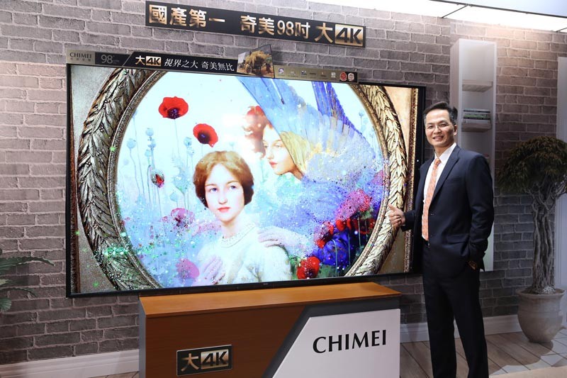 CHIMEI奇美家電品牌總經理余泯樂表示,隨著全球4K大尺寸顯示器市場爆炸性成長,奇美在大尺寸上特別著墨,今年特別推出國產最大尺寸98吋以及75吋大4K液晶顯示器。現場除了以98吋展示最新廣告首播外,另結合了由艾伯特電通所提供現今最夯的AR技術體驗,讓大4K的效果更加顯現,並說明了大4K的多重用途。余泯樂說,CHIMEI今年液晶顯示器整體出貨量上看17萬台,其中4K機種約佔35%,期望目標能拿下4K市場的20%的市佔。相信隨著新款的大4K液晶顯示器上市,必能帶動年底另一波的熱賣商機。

#####

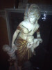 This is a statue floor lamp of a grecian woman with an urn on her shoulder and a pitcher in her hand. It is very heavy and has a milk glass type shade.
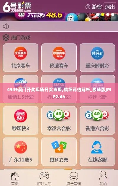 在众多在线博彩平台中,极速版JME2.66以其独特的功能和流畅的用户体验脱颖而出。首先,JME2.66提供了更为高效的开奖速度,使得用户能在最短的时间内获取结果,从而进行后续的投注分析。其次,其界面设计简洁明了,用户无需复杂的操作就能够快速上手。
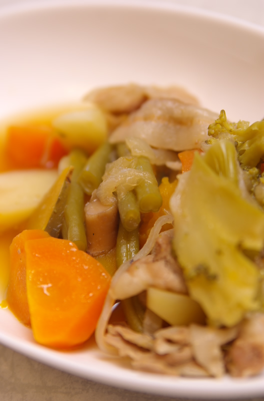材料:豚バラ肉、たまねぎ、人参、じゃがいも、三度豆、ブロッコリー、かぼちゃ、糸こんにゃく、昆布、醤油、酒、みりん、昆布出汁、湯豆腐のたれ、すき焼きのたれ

#####

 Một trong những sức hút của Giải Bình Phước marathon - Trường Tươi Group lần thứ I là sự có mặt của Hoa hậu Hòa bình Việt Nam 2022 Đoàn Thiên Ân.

#####

**THE TASK**
An exact copy is needed of the stretch above that opens with the line containing "This is a statue" and closes with the line containing "材料:豚バラ肉、たまねぎ、人"; the pictures are not part of it.

**WRITTEN SOLUTION**
 This is a statue floor lamp of a grecian woman with an urn on her shoulder and a pitcher in her hand. It is very heavy and has a milk glass type shade.
 在众多在线博彩平台中,极速版JME2.66以其独特的功能和流畅的用户体验脱颖而出。首先,JME2.66提供了更为高效的开奖速度,使得用户能在最短的时间内获取结果,从而进行后续的投注分析。其次,其界面设计简洁明了,用户无需复杂的操作就能够快速上手。
材料:豚バラ肉、たまねぎ、人参、じゃがいも、三度豆、ブロッコリー、かぼちゃ、糸こんにゃく、昆布、醤油、酒、みりん、昆布出汁、湯豆腐のたれ、すき焼きのたれ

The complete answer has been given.